18.1 Neither party shall assign or transfer any of its rights or obligations under an Agreement save that the Company may assign to an associated company within the meaning of Section 416 of the Income and Corporation Taxes Act 1988, on notice.
19.1 The Company and the Customer acknowledge and agree that this Agreement shall not establish or constitute any relationship of partnership, joint venture, employment, franchise or agency between the parties. Neither party will have the power to bind the other without the other’s prior written consent.
19.2 Any typographical, clerical or other error in any sales literature, marketing materials, quotation, price list or other document issued by the company or contained on any page of the company website shall be subject to correction without any liability on the part of the company. For the avoidance of doubt, the company brochure and other sales literature or marketing materials (either appearing on the company website or in printed form) are not incorporated into and do not form part of this contract.
19.3 The customer agrees that the company may refer to the customer (with relevant description of the customer’s business) in any of the company’s marketing materials or on the company website.
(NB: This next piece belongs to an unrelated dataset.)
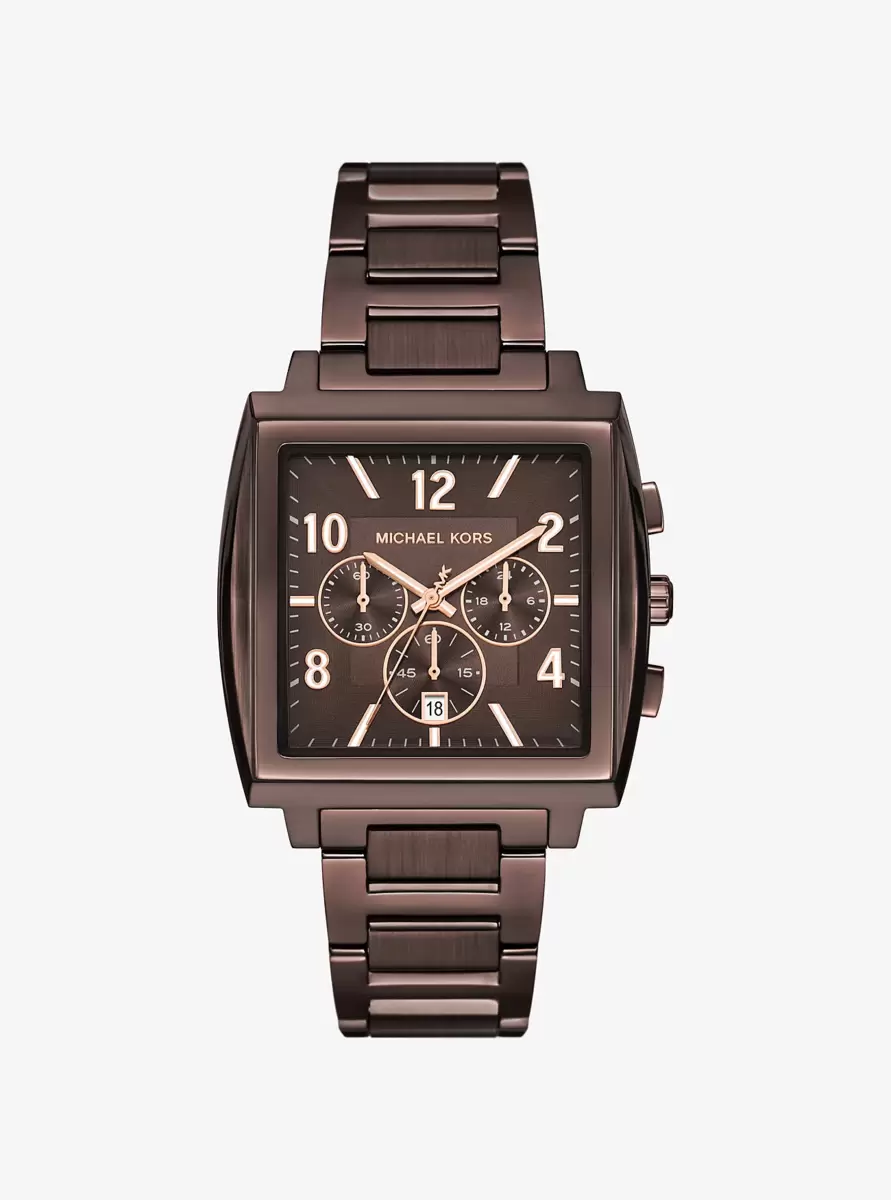 Zegarek Rhys zachwyca kwadratową kopertą i ciemnobrązową tarczą z cyframi w kolorze różowego złota. Wykonany ze stali nierdzewnej w odcieniu brązu, posiada wyrafinowaną bransoletę z naprzemiennie szczotkowanymi i polerowanymi wykończeniami. Idealnie pasuje do ciepłych, jesiennych tonów i przytulnych, teksturowanych dodatków.

The customer hereby grants the company a limited licence to use any customer trade names and trademarks solely in connection with such marketing.
19.4 Except as expressly provided, the parties do not intend any term of this Contract to be enforceable pursuant to the Contracts (Rights of Third Parties) Act 1999.
19.5 The failure or delay of the Company to enforce any part of the Contract shall not affect or waive the Company’s rights to enforce it at a later date.
20.0 Other Printed or Standard Conditions
20.1 All Services are provided on the foregoing conditions which, together with any special terms set out on an Order Form or in the Agreement, constitute the entire agreement to the exclusion of any other terms and conditions and no agreement terms and conditions contained in any document sent by the Customer to the Company shall be of any effect with respect to the Agreement unless expressly accepted by a duly authorised officer of the Company in writing.
20.2 The Customer acknowledges that the Customer has not relied on and shall not be entitled to rescind the Agreement or to claim damages or any other remedy on the basis of any representation, warranty, undertaking or statement which is not set out in these Conditions, the Agreement or an Accepted Order, including any representation made by or on behalf of the Company in relation to the Service which has induced the Customer to enter into the Agreement with the Company.
20.3 The Services are provided “AS IS.” THE COMPANY MAKES NO WARRANTY OR REPRESENTATION OF ANY KIND TO YOU OR ANY THIRD PARTY, EXPRESS, IMPLIED OR STATUTORY, WITH RESPECT TO THE SERVICES OR THE ACCURACY OF ANY INFORMATION CONTAINED IN THE SERVICES, INCLUDING, WITHOUT LIMITATION, ANY IMPLIED WARRANTY OF MERCHANTABILITY, ACCURACY, SATISFACTORY QUALITY, FITNESS FOR A PARTICULAR PURPOSE, USABILITY, INTEGRATION OR NON-INFRINGEMENT AND ALL SUCH WARRANTIES ARE HEREBY EXCLUDED BY THE COMPANY AND WAIVED BY YOU.
21.1 The Company reserves the right to vary these Conditions as a result of changes required by its insurers, new legislation, statutory instruments, Government regulations or licences.
22.0 Law and Arbitration
22.1 These Conditions and all Agreements are subject to the laws of England.
22.2 These Conditions incorporate the provisions for arbitration if any are available. Any dispute which may arise between the parties concerning this Agreement shall be determined either in accordance with such arbitration procedure, if any, or by the High Court of Justice in England and the parties hereby submit to the exclusive jurisdiction of that court for such purpose.